作者:侯改英 编辑:黄吉洲 校对:程筱筱 翻译:吕峰

摘要:笔者生于河北太行山偏远山区,此文记录缅怀在我村义务支教10多年,后被我村聘为临时老师多年,最终年老家庭变故陷入困境,但因为不是中共编制内教师拿不到退休金导致其与孤儿孙女生活艰难陷入赤贫的故事。后我村村民集体联名请愿才使她勉强得到公正。但正义已晚,正式编制待遇仅仅消受不足一年,便撒手人寰,留下孙女被县孤儿院收容。
愿你平安,圆满,不必流浪

蔡荣生是一位女士,在我以黑户身份返乡入村里小时,她就已经在我们村做临时老师好多年了,具体多少年我也不知道,但她在教我三年后又教了我弟弟三年,至少在我上初中时她一直在我们村支教。

她是一位中年女人,教我的时候约30多岁,白净整齐,戴着那个年代鲜有的金丝眼镜,齐耳短发,身材微胖,常年穿庄重或黑或灰套装制服,中性皮鞋,声音偏低沉,看起来感觉起来都像一个男人。

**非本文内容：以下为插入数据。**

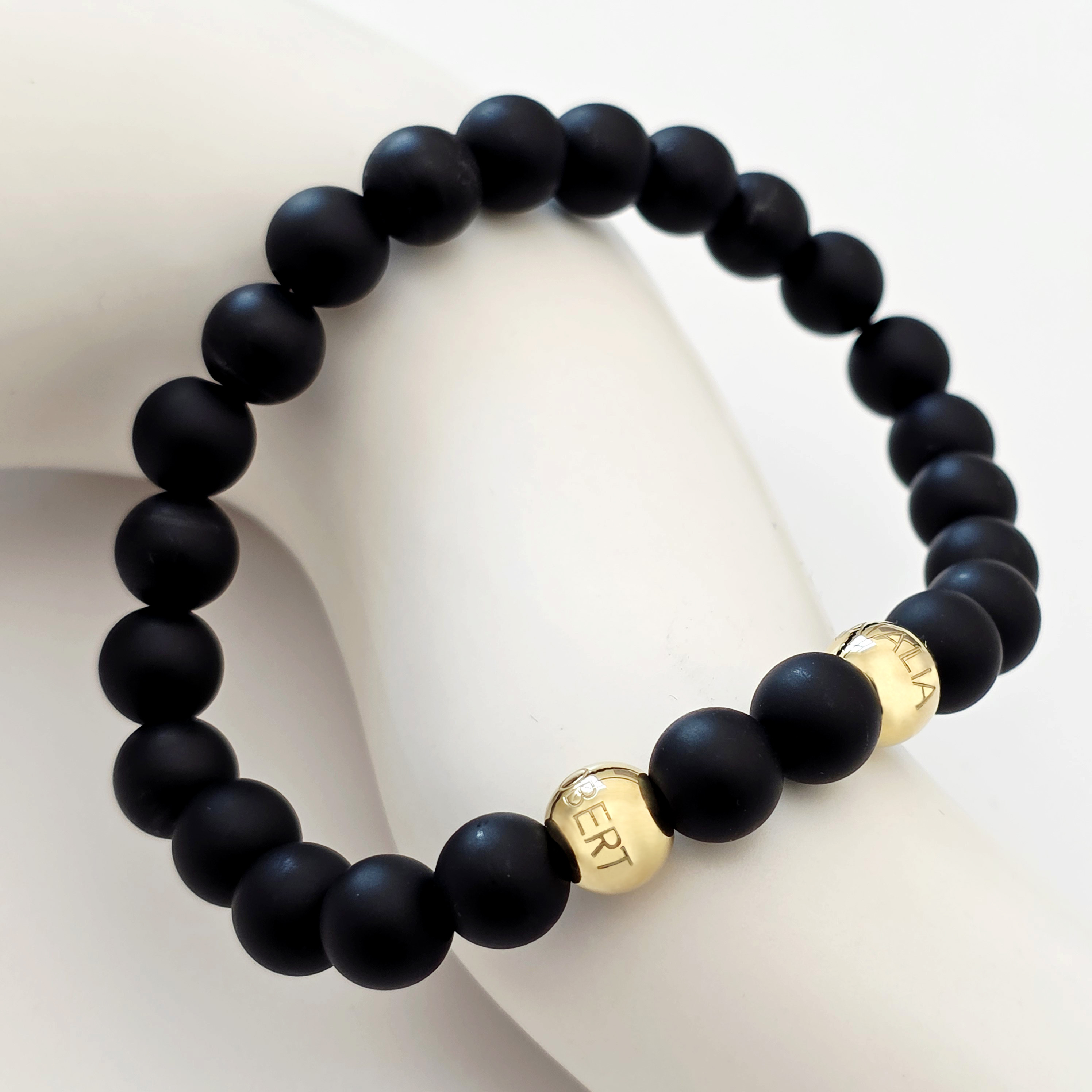 Bratara pietre semipretioase Onix mat de 8 mm - Bilute din Argint 925 placat cu Aur Galben - Snur elastic
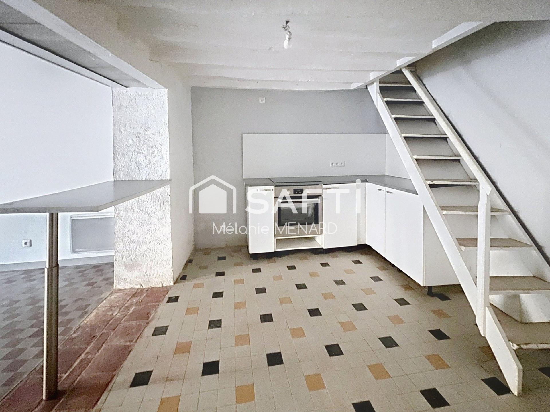 Cette maison à étage vous offre une pièce à vivre avec une cuisine ouverte.
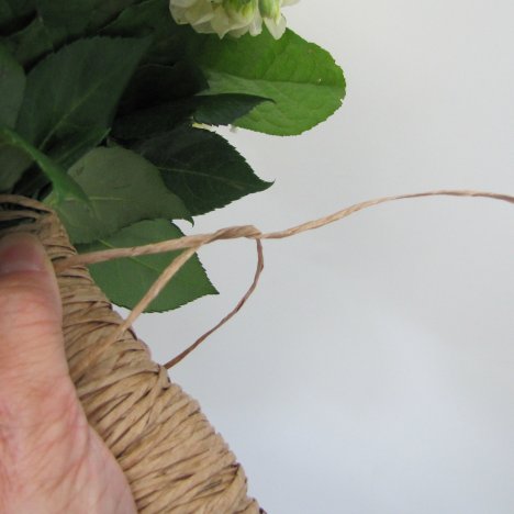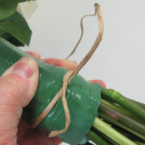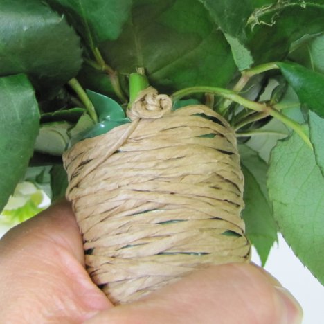 This paper covered wire comes in both natural brown and green and looks very cool on the handle of a bouquet. Because it's wired it's very easy to attach to the handle.
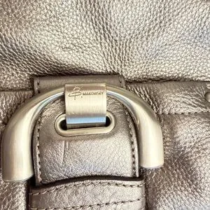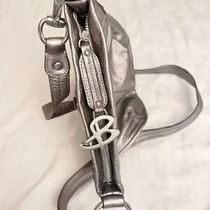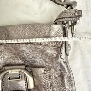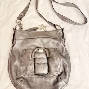 Chic metallic silver crossbody bag by B. Makowsky. Features a stylish buckle detail. Perfect for versatile wear.
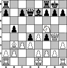 Partie-Notation im PGN-Format [Event "M"] [Site "www.mySchach.de"] [Date "2013.02.24"] [Round "1"] [White "frankto"] [Black "Rotstift10"] [ECO "C55"] [WhitemyELO "1732"] [BlackmyELO "1635"] [Result "1-0"] [TimeControl "10/3456000"] [WhiteDays "39"] [BlackDays "40"] [MySchachNr "86776"] 1. e4 e5 2. Nf3 Nc6 3. Bc4 Nf6 4. d3 Be7 5. c3 O-O 6. Bb3 d5 7. Nbd2 Bg4 8. h3 Bxf3 9. Qxf3 d4 10. Nf1 b5 11. Ng3 Qd7 12. Nf5 Nd8 13. Qg3 Nh5 14. Qg4 Ne6 15. Qxh5 Nf4 16. Bxf4 exf4 17. Qg4 1-0 Stellungs-Notation im FEN-Format r4rk1/p1pqbppp/8/1p3N2/3pPpQ1/1BPP3P/PP2PPP1/R3K2R - KQ - 1 17 Geschlagene Figuren Weiss: Geschlagene Figuren Schwarz: Klicken Sie auf eine geschlagene Figur um den gewünschten Zug darzustellen!
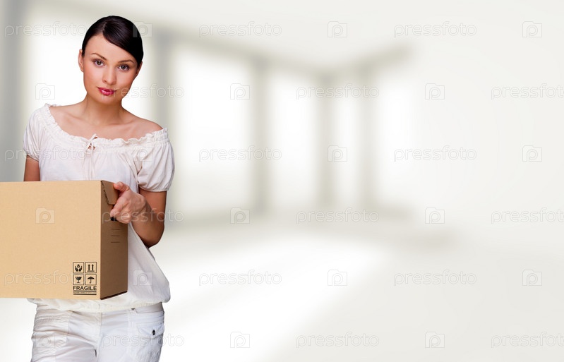 Элегантная брюнетка с картонной коробкой в пустой комнате
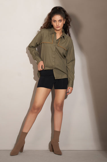 Exclusive Green Linen Fornt Panel Shirt With Thread Work Embroidery
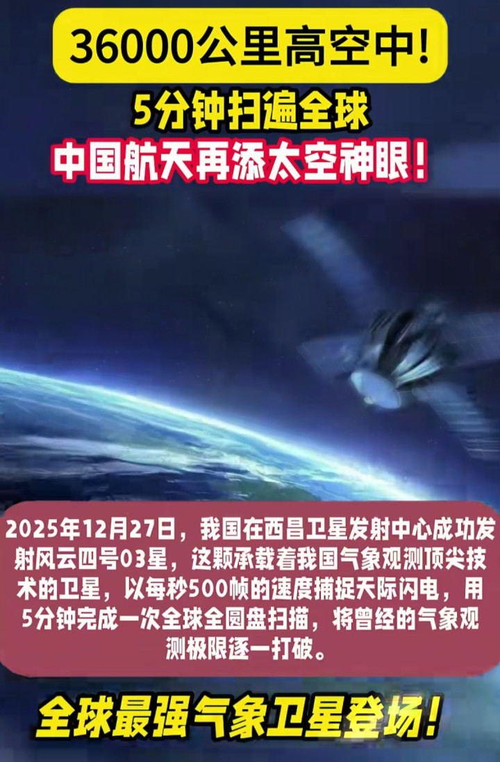 2025年12月27日,咱们国家在西昌卫星发射中心干了件大事——成功发射了风云四号03星!这颗卫星可不一般,它在36000公里的高空,给咱们的气象观测装上了“超级眼睛”。
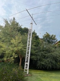 Around 14-15m high tower when fully extended. Fixed section around 9m tall. One electric winch included. Includes rotator (no control box) and antennas as seen on the photo.
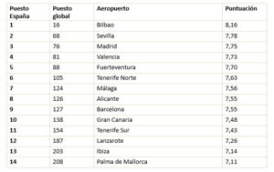 El primer aeropuerto español que aparece en el ranking de Airhelp es el de Bilbao. Ocupa la posición 16 en la clasificación mundial y, además, se convierte en el segundo mejor aeropuerto de Europa. Obtiene una puntuación general de 8,16 puntos, con un 8,3 en puntualidad, 8 en valoración de los clientes y un 7,7 en espacios de ocio como tiendas y restaurantes.

她说话慢,坚定,清晰,眼神犀利,整个人透着那个年代在农村极少见的文化人的睿智儒雅。她一条腿有一点微跛,走路左右摇晃摆幅较大,再搭配她常背着手微微驼背检查学生背诵功课的体态时,看起来跟我爸一样是一个与众不同非常优秀的——男人。

听说她婆家在短短的二里山路外的隔壁村,但她似乎没有家,她常年住在学校,独来独往,除了教学外几乎不跟村民攀谈。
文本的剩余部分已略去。